Online supplemental material
Tables S1 and S2 describe the binding of many proteins from cultured human cell extracts to tubulin, assembled into either curls or Tx-MTs. GO terms and other descriptions of each protein are included. Fig. S1 (A and B) shows immunoblots of mitotic cell extracts pulled down by curls or Tx-MTs probed with antibodies to four proteins of interest for comparison with the mass spectrometry data. C, D, and E confirm that N558 without a 6-His tag binds better to curls than to Tx-MTs. F and G show biochemical data for the dimeric condition of N558 in solution. Fig. S2 presents additional evidence on the cross-linking of N558 to tubulin. Fig. S3 compares that binding of fragments from CENP-F with tubulin before and after its cleavage by the protease subtilisin. Fig. S4 evaluates the effect of protein dilution on the ability of fragments from CENP-F to transduce force from shortening MTs. Videos 1–3 display the action of dynamic MTs on small clusters of N436-sfGFP or sfGFP-2592C and on microbeads coated with the same CENP-F fragments.
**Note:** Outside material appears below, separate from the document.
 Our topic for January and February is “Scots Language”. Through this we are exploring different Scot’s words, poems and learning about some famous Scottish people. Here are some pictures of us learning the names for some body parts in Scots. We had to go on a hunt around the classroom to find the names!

We thank Ryther Anderson, Mary Morphew, and Andreas Hoenger of the University of Colorado for help with electron microscopy; Evgenia Glazunova and Ekaterina Panasenko (Center for Theoretical Problems of Physicochemical Pharmacology, Russian Academy of Sciences [CTP PCP RAS]) for help with cloning and protein purification; and Fazly Ataullakhanov, Nikita Gudimchuk, and other members of the Ataullakhanov (CTP PCP RAS) laboratory for stimulating discussions.
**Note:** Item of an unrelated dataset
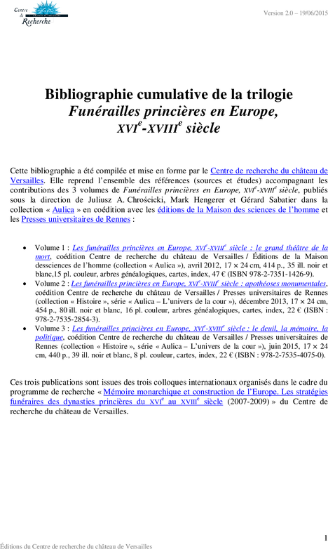 Les funérailles princières en Europe, XVIe-XVIIIe siècle : le deuil, la mémoire, la politique (publication issue du colloque international des 26 et 27 novembre 2009 à Versailles et du 28 novembre 2009 à Saint-Denis), sous la dir. de Juliusz A. Chrościcki, Mark Hengerer, Gérard Sabatier, coédition Centre de recherche du château de Versailles / Presses universitaires de Rennes, coll. « Histoire », série « Aulica – L’Univers de la cour », juin 2015, 17 x 24 cm, 440 p., 39 ill. noir et blanc, 8 pl. couleur, index, 22€ (ISBN : 978-2-7535-4075-0).

This work was supported in part by National Institutes of Health grant GM033787 to J.R. McIntosh and grants 13-04-40188-H, 13-04- 40190-H, and 15-04-04467 from the Russian Fund for Basic Research and from the Presidium of Russian Academy of Sciences Molecular and Cell Biology program to F.I. Ataullakhanov, plus grants 14-04-31061 and 14-04-00057 from the Russian Fund for Basic Research and a Postdoctoral Fellowship from Dmitry Zimin Dynasty Foundation to V.A. Volkov.
The authors declare no competing financial interests.